Thankfully being one of the best summer’s we’d had in years (typically during lockdown) those post it notes started to spread around the garden too, giving us a break from our 4 walls.

The key point for all of this planning was to ensure I had a solid story with real motivation to solve the puzzles along the way. It was to also avoid some of the pain of my previous games, which tended to evolve organically and spiral out of scope.

The godfather of the Point and Click Genre Ron Gilbert swears by the PDC or puzzle dependency chart for this very task, something pivotal to creating a cohesive adventure game with multiple concurrent tasks and a feeling of progression for the player.

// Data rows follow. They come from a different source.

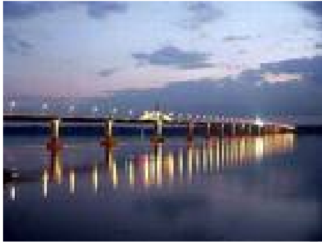
สะพานมิตรภาพไทยลาว
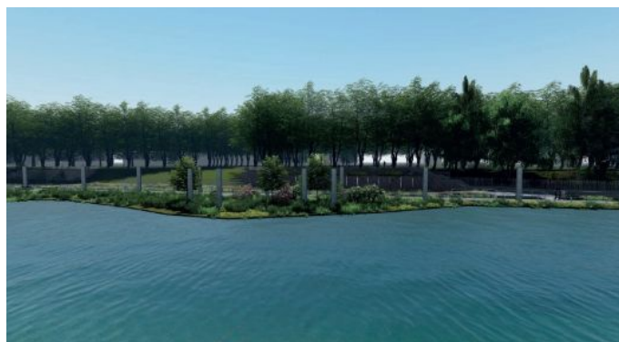
Figure 7: Photo-montage du projet (vue depuis le quai opposé) - Notice paysagère
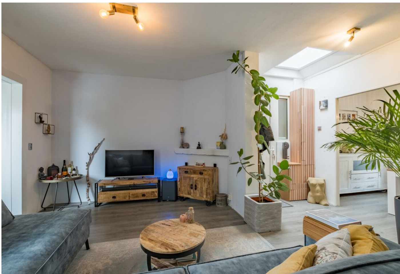
Maastrichtseweg 39, 's-Hertogenbosch
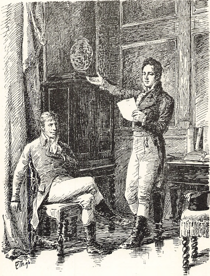
Oehlenschläger læser »Guldhornene« højt for Henrik Steffens.
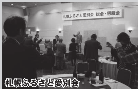
札幌ふるさと愛別会

総会では、会員の親睦とふるさと愛別の応援団として活動することを確認し、懇親会では愛別和酒「ふしこ」で乾杯し、愛別町のイベントの様子を紹介する上映会なども行われました。参加者はふるさと愛別に思いを馳せ、昔話に花を咲かせました。
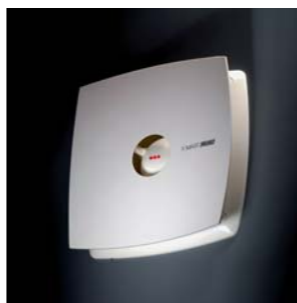
2002 X-MART CATA. Electrodomésticos S.L.
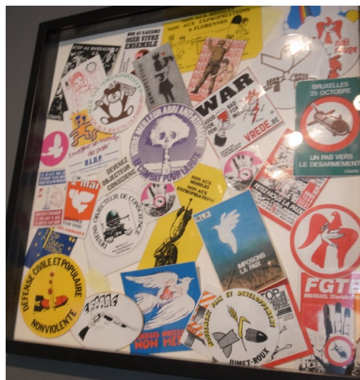
Foto's uit tentoonstelling "Give Peace a Change, Gent mei - juni 218, georganiseerd door www.vrede.be
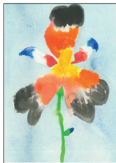
Flora DE PEYER CE2 (3 e prix)
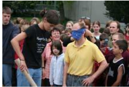
... die Lehrer auch.
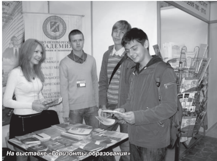
На выставке «Горизонты образования»

В соответствии с Федеральным законом от 18.07.2009 № 184-ФЗ «О внесении изменений в отдельные законодательные акты Российской Федерации по вопросам организации образовательного процесса в образовательных учреждениях» прием на обучение в имеющие государственную аккредитацию образовательные учреждения ВПО для обучения по образовательным программам соответствующих ступеней (в том числе специалистов) прекращается 30 декабря вместо 31 августа 2009г. Это изменение обозначает, что у нас есть возможность до конца года выполнить план набора студентов. На сегодняшний день он выполнен на 89%.
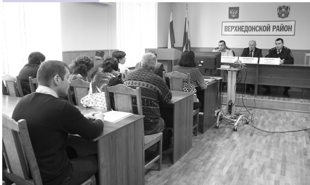
Заседание районной комиссии по противодействию коррупции.
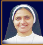
SR. SOONA CMC
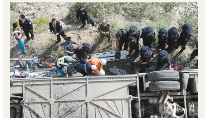
■西藏尼木縣境內發生3車連環相撞,傷亡人數未明。新華社

香港文匯報訊 昨日16時25分許,西藏尼木縣境內發生一起汽車連環相撞事故,一輛旅遊大巴、一輛越野車、一輛皮卡貨車連環相撞,初步檢查車內有40餘人。事故傷亡人數正在統計之中。
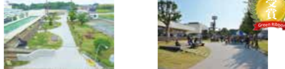
茨城県「まちづくりグリーンリボン賞」受賞!!

文化村の老朽化した施設内の道路改修にあたり、エコなリサイクル建材を使用して、開放感のあるにぎわいの空間へとリノベーションを行いました。また、この事業は茨城県が実施している「茨城県うるおいのあるまちづくり顕彰事業」において、景観に配慮した建築物の整備を行った者などを表彰する「まちづくりグリーンリボン賞」を受賞しました。 ※リノベーション・・・既存の構造をそのまま利用し、新たな機能や付加価値を付け加える改修工事
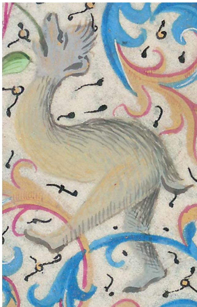
8 Lasica, karanfil i maćuhica, f. 27r Weasel, carnation, and pansy, f. 27r
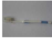
Bàn chải đánh răng
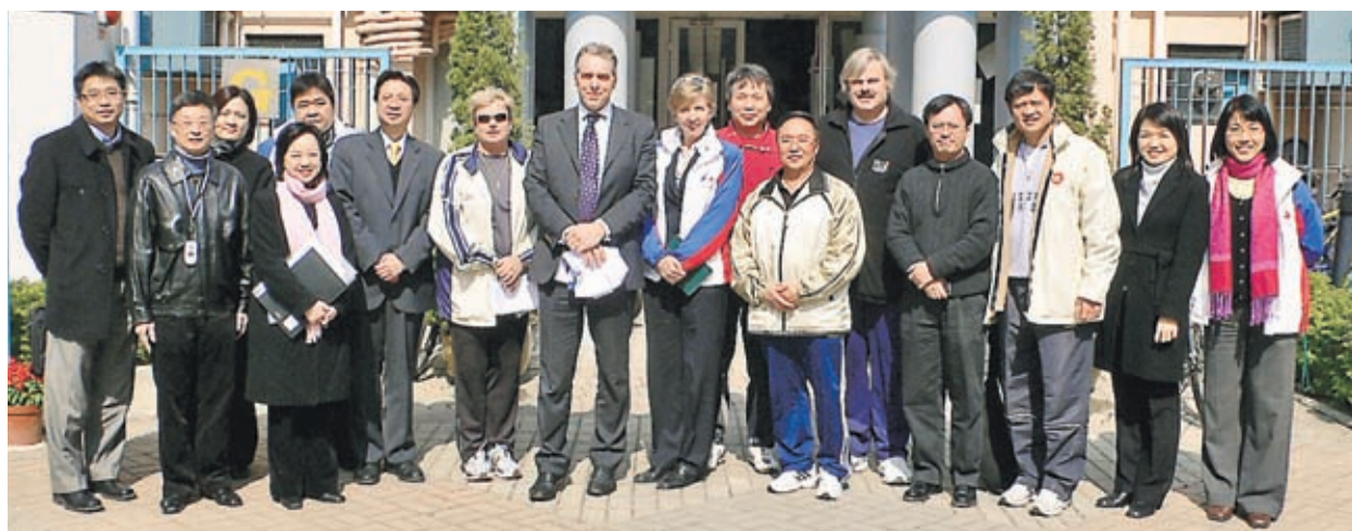
民政事務局副秘書長麥敬年（左八）於1月在體院管理層及總教練的陪同下，參觀體院位於烏溪沙的臨時總部，了解體院的日常運作及精英運動員的訓練情況。
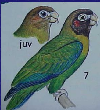
Pionopsitta haematotis (Cotorra de cabeza parda)
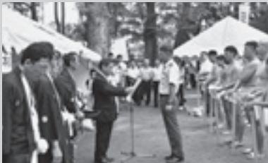
▲奉納相撲にて感謝状贈呈
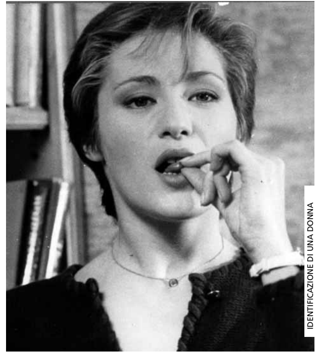
IDENTIFICAZIONE DI UNA DONNA
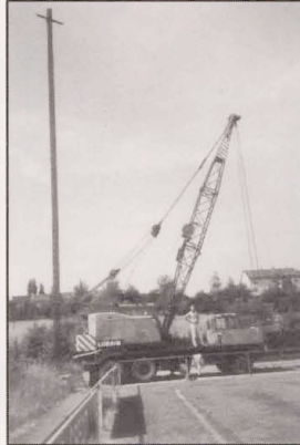
Abriss am 14.06 89
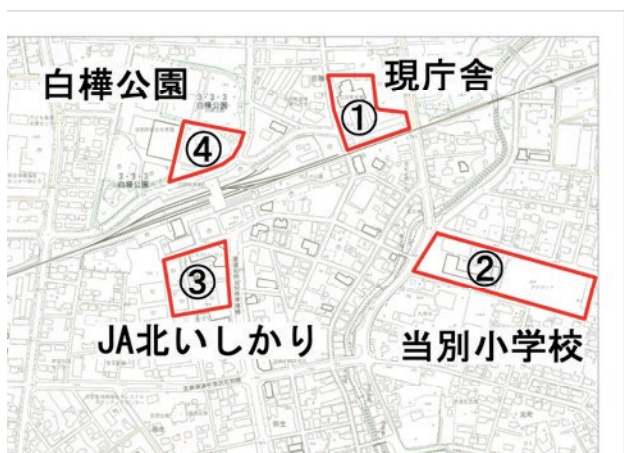
新庁舎建設候補地

問 新庁舎建設検討委員会は、どのようなメンバーで、どの部分について協議をする会議なのか。 答 メンバーは、庁舎を利活用する関係者や関係団体。例えば、まちづくり、子育て、福祉、防災などに関連する者が参加するイメージ。その他に公募も考えている。役割は、新庁舎の建設に関すること全般を審議していくこととしている。

Not actually a PDC (that would give the game away!) but a narrative flow of the key story points

Without his wise teachings from his blog and his work on the SCUMM engine, (leading to the incredible Monkey Island games) I doubt I’d ever have got into this stuff in the first place.

Thanks Ron.

Know your limits – (yes you)

If there’s something I learnt from making my previous adventure game Something Fowl Afoot it’s to set realistic goals. I actually started writing that game over 10 years ago as a quick free time project and ended up sinking thousands of hours into hand drawn animation, coding and narrative which over it’s lifetime was ported and rewritten in at least 2 different engines and languages.

It was a painful realisation the day I decided to set it free that I’d lost control of it and couldn’t even properly bug test it anymore. It had got out of control and to this day I still wish I could fix it’s problems and release it.

Everyone I’ve ever followed in the indie game community says the same thing.. SET REALISTIC GOALS but nobody (including me) ever listens.

The problem is many of us are perfectionists and we want the thing we’re creating to look, play and sound as good as it can, we dream big, we aim high.. and that makes the fall more painful when it inevitably comes.

The honest truth is with a busy fulltime job, family life and two stupid dogs to entertain, you have to reign in your ideas… just a little.

So this time I’m approaching things a little differently…

Firstly I’m using UNITY, something I’ve been using professionally in my fulltime job for years. It’s an engine and a language (C#) that isn’t going away, with great bug testing tools and addons to speed up the development time.

Secondly, this time I’m not creating the graphics from scratch, I’m leveraging on the incredible skills of the larger UNITY community and paying some of those talented content creators for their brilliant models and then adapting and editing them myself, making a few bespoke special things on the way.

This means a new graphical style which is a departure from my usual hand-drawn method from my previous games like Fantasy Quest, but I’m really pleased with the way things are looking a few months in.

So here I go, promising myself not to aim too high, not to dream too big.